In September 2004, an Iraq Office was established in Amman, Jordan, as an interim solution because of the security situation in Baghdad as a result of the Iraq War. The embassy chancellery in Baghdad was closed in May 2005. In 2009, the Swedish embassy was again staffed with ambassador Niclas Trouvé as ambassador which has during the Iraq War been based in Amman.

===New embassy===
A new embassy was opened on 1 July 2009. It was inaugurated on 24 February 2010 by Swedish foreign minister Carl Bildt, Iraqi foreign minister Hoshyar Zebari and ambassador Niclas Trouvé before a crowd of 150 specially invited guests. The new embassy complex comprises three buildings and an extensive security area around.
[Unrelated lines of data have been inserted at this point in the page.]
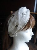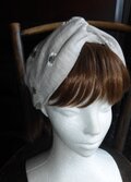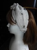 リネンにモノトーンに糸で太陽のような柄が刺繍されたオシャレな生地のクロスヘアバンドです。
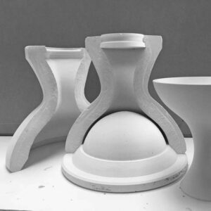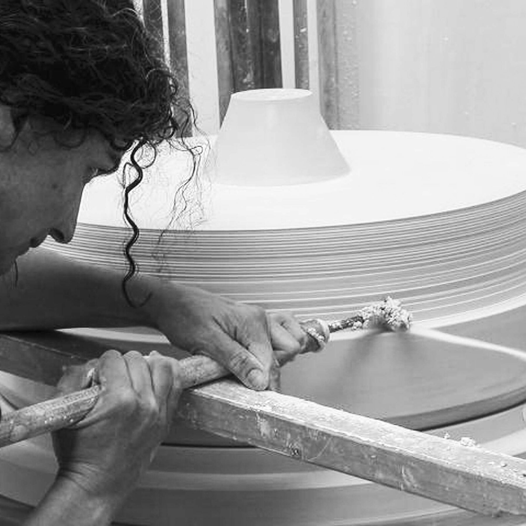 Heute stellt die Künstlerin ihre Formen im Gießverfahren her. Die rotationssymmetrischen Formen drechselt sie auf der Gipsabdrehscheibe. Ruff liebt die Farben und Formen der 50er Jahre: „Sie vermitteln für mich eine wohltuende Leichtigkeit und sind somit wieder Inspiration“. Beim Dekor legt sie Wert auf die Homogenität der Oberfläche. Dadurch erzielt sie eine spezielle ästhetische Wirkung.
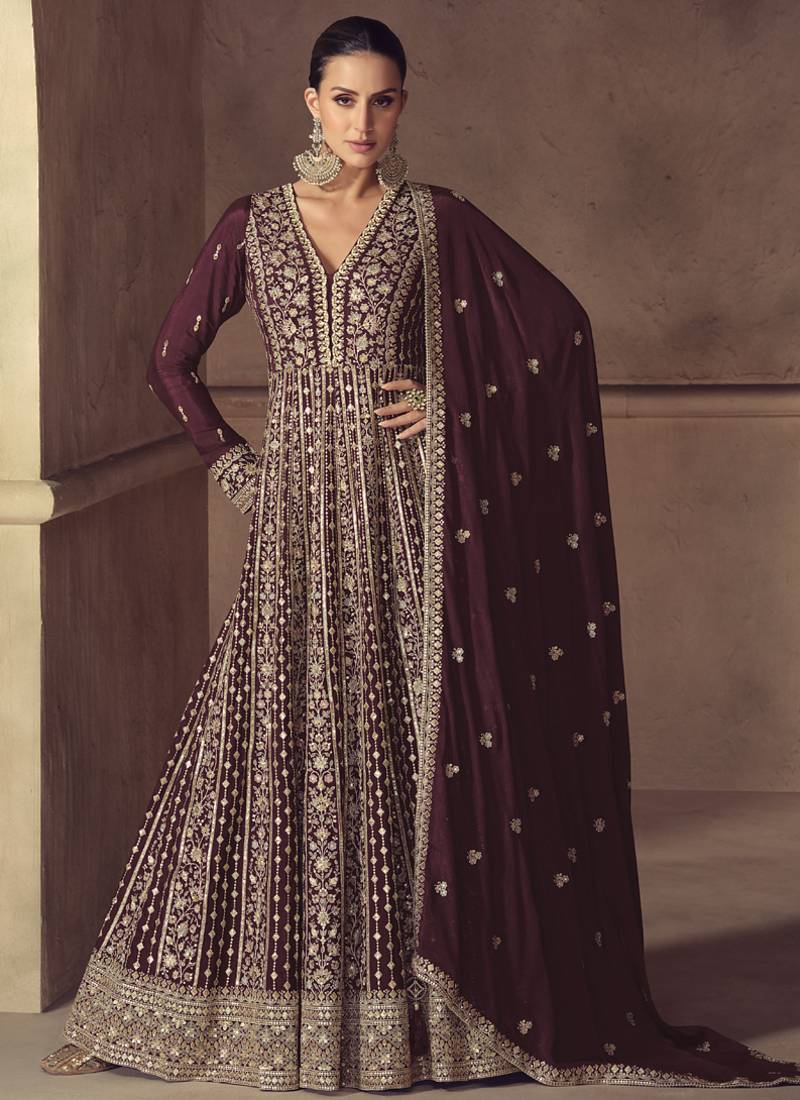 Product Name Wine Chinon Silk Embroidered Designer Anarkali Suit
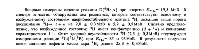 Впервые измерены сечения реакции Ό (Не,а) при энергии #вНев 19,3 МэВ. В спектре α-частиц обнаружены два резонанса, которые соответствуют основному и возбужденному состояниям ядернонестабильного изотопа 4Н, лежащие выше порога диссоциации 4Н—* t + η на 2,0 ± О.ЗМэВ и 5,2 ± 0,5МэВ. Сделано предположение, что возбужденное состояние 4Н имеет конфигурацию (d 2п) и квантовые характеристики 1 + . Факт ядерной неустойчивости 4Н (2,3 ± 0,3МэВ) подтвержден измерениями реакции 6Li(6Li,sB) при 1£бц" 85 и 93МэВ. В результате получено новое значение дефекта массы ядра 4Н, равное 25,3 ± 0,3МэВ.
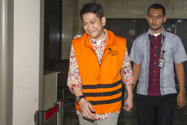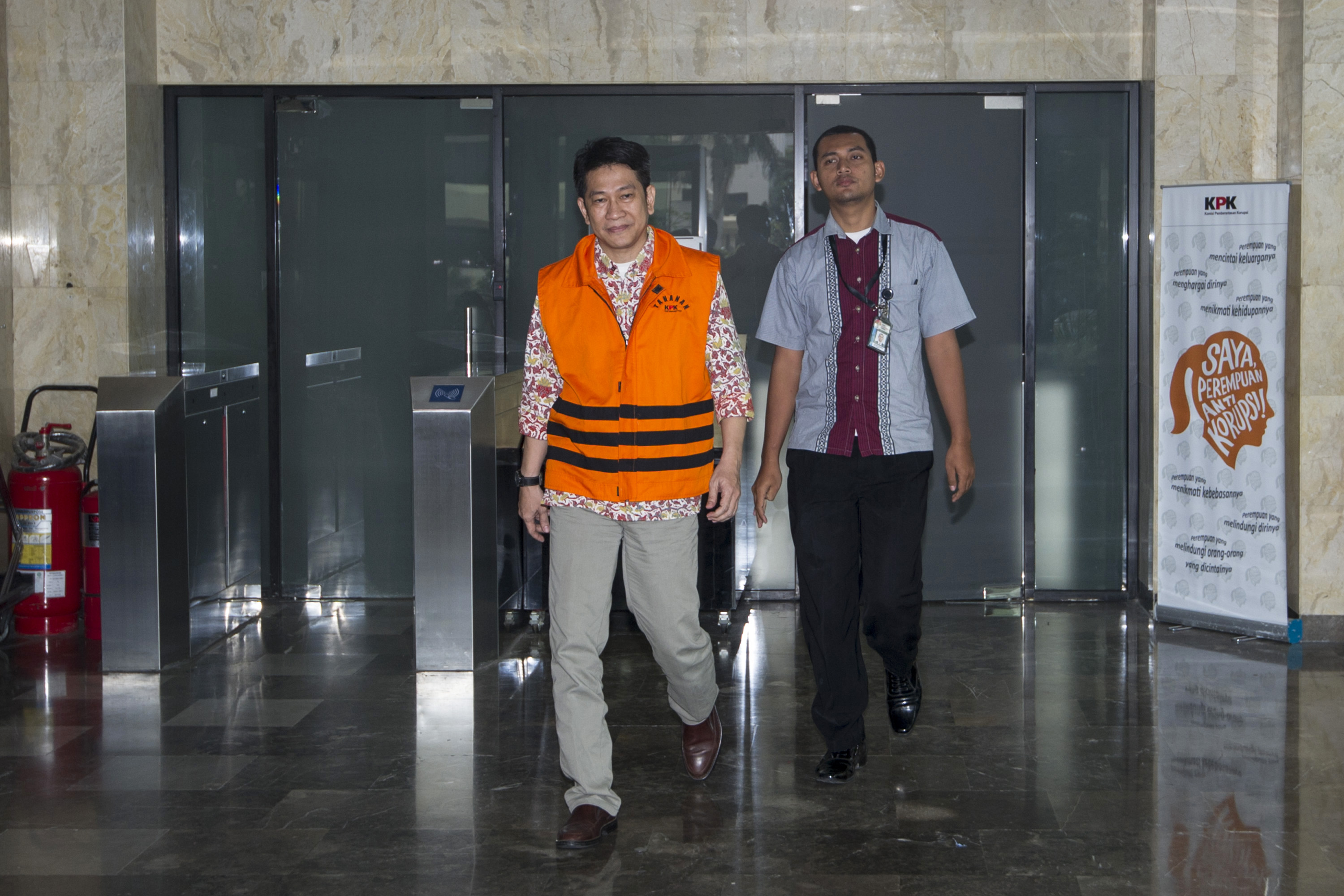 Karyawan PT Agung Podomoro Land (APLN) Trinanda Prihantoro (kiri) keluar dari Gedung KPK usai menjalani pemeriksaan di Jakarta, Senin (16/5). Trinanda diperiksa sebagai tersangka atas terkait kasus dugaan suap di DPRD DKI Jakarta dalam pembahasan Raperda Rencana Tata Ruang Kawasan Strategis Pantai Jakarta Utara dan Raperda Zonasi Wilayah Pesisir dan Pulau-Pulau Kecil Provinsi DKI Jakarta tahun 2015-2035. ANTARA FOTO/Sigid Kurniawan/foc/16.
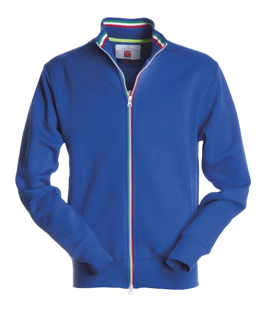 Plastový zip po celé délce - v barvách italské vlajky, dvojitý jezdec, žebrovaný límec s kontrastním proužkem, vsazené rukávy, 2 kapsy, elastické manžety a spodní lem, vyztužené švy
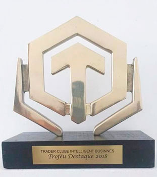 Troféu em metal com base de madeira e plaqueta de premiação.
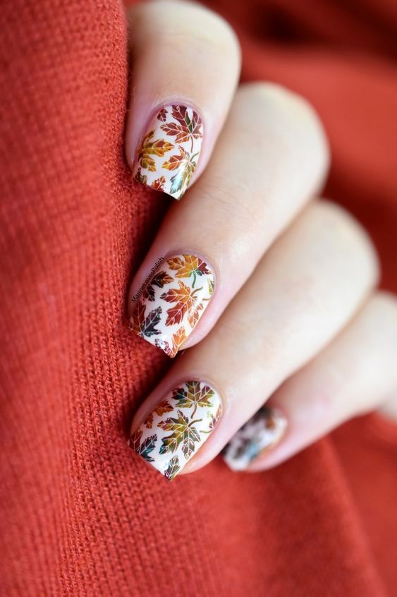 Capture the essence of fall with a design inspired by autumn leaves. The intricate leaf patterns in various fall colors make this design a true standout. This simple yet eye-catching nail art is perfect for embracing the beauty of the season.
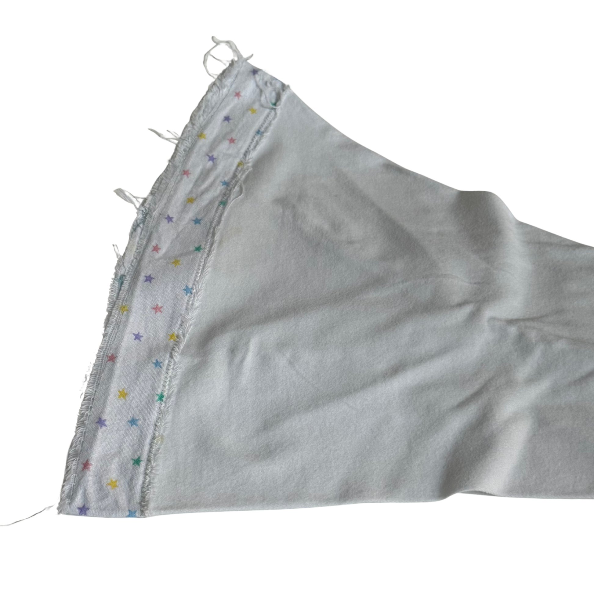 White cotton scattered with pastel rainbow stars and a fuzzy brim that feels like confetti falling in slow motion.
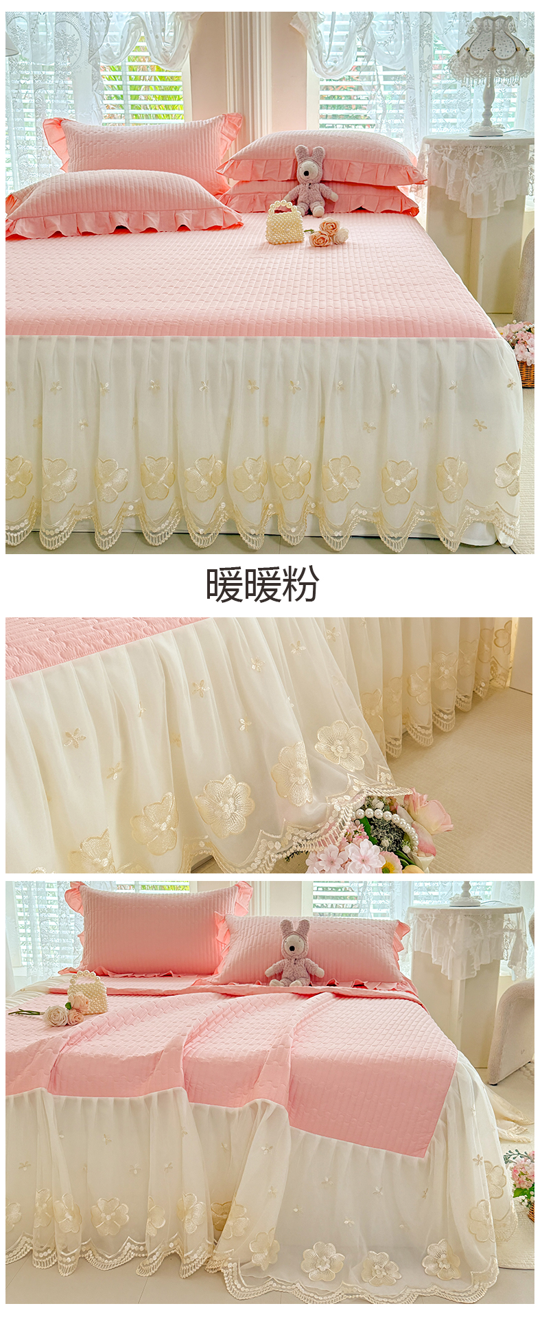 • 91家纺网 家纺一手货源 找家纺 (总)花香四季家纺 2026新款全棉夹棉绗缝床裙三件套纯棉纯色蕾丝公主风床裙单件-蕾丝小姐,组合图仅供展示不可下单,蕾丝小姐-豆沙,蕾丝小姐-海盐蓝,蕾丝小姐-奶油米,蕾丝小姐-暖暖粉,蕾丝小姐-清新绿,蕾丝小姐-绅士灰
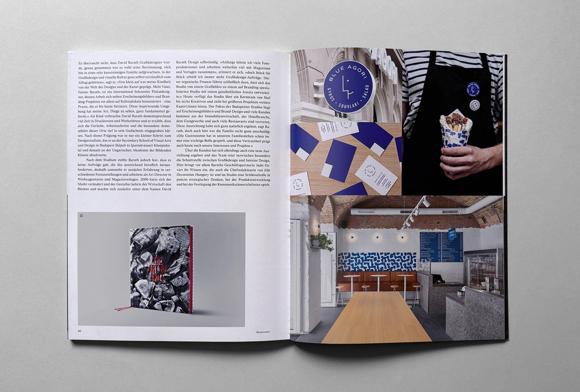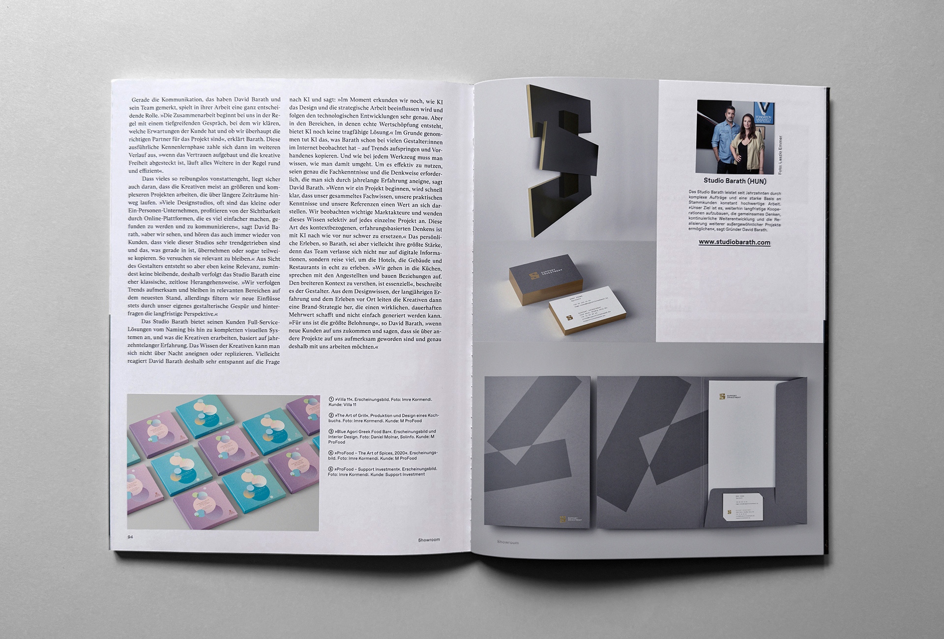 „A verbális és stratégiai feladatok a stúdió működésében ugyanolyan hangsúllyal vannak jelen, mint a vizuális tervezés. A megbízások során számos folyamatban veszünk részt – a névadástól kezdve a teljes arculat és vizuális rendszer megalkotásáig –, vagyis teljes körű szolgáltatást nyújtunk. Számos projekt már jóval a klasszikus brandingfolyamat előtt, a koncepcióalkotás vagy a termékfejlesztés lépéseivel indul. Folyamatosan fejlesztjük magunkat, és széles spektrumon követjük azokat a területeket, amelyek relevánsak a munkánkban – a luxusipartól az építészeten és belsőépítészeten át a gasztronómiáig, képzőművészetig, a kulturális eseményektől a formatervezésig, a tipográfiától a vendéglátóipari trendekig. Ez a fajta kontextuális gondolkodás különböztet meg bennünket a versenytársaktól” – emeli ki a cikkben a stúdió vezetője, Baráth Dávid.

In addition to the new embassy and residence outside the International Zone (IZ), a small Swedish embassy offices opened up inside the IZ during construction. This was to serve as a fulcrum during construction and then used as a branch of the embassy to enable it to operate outside as well as inside the IZ when required. The embassy was moderately damaged in the August 2009 Baghdad bombings. The embassy is located about 500 meters from where one of the attacks took place. No member of the embassy staff were injured. The embassy building was shaken again during the 20 March 2012 Iraq attacks. This time the building wasn't damaged.

===2023 breaches of the embassy===
On 29 June 2023, a group of protestors breached the embassy's perimeter. Protestors had taken to the streets on the orders of Muqtada al-Sadr. The previous day, a Quran had been burned during a protest in Stockholm.

On 20 July 2023 around 02:00 Arabia Standard Time (23:00 UTC, 19 July), the embassy was stormed by hundreds of protestors after police in Stockholm granted a permit for a demonstration there that is expected to feature another burning of a Quran. Fire and black smoke was seen coming from the embassy building. By dawn, Iraqi security forces and firefighters were inside the building. Iraq's foreign ministry issued a statement saying that they condemned the incident and that security forces had been instructed to investigate the incident swiftly. Swedish Minister for Foreign Affairs Tobias Billström stated that the embassy's staff was safe, though he also said that Iraq had failed in its responsibility under the Vienna Convention on Diplomatic Relations to protect the embassy. The convention's article 22 states in part that the host country "is under a special duty to [...] protect the premises of the mission against any intrusion or damage". The attack on the embassy was also condemned by the United States, Japan, Australia, the United Kingdom, and the European Union, with the U.S. calling Iraq's failure to protect the embassy "unacceptable".

Sweden's ambassador to Iraq was expelled from the country as a result of the diplomatic dispute. Iraq also recalled its chargé d'affaires from Sweden.

==Staff and tasks==

===Tasks===
The Swedish embassy carries out the following operations:
- Monitoring and reporting on the political, social and economic developments in Iraq.
- Reporting on migration and human rights.
- Processing of consular and legal matters in Iraq.
- In collaboration with the Swedish International Development Cooperation Agency (SIDA) and NGOs support the implementation of the government's country strategy for development cooperation with Iraq.
- Strengthening economic relations with Iran and support Swedish companies operating in Iraq.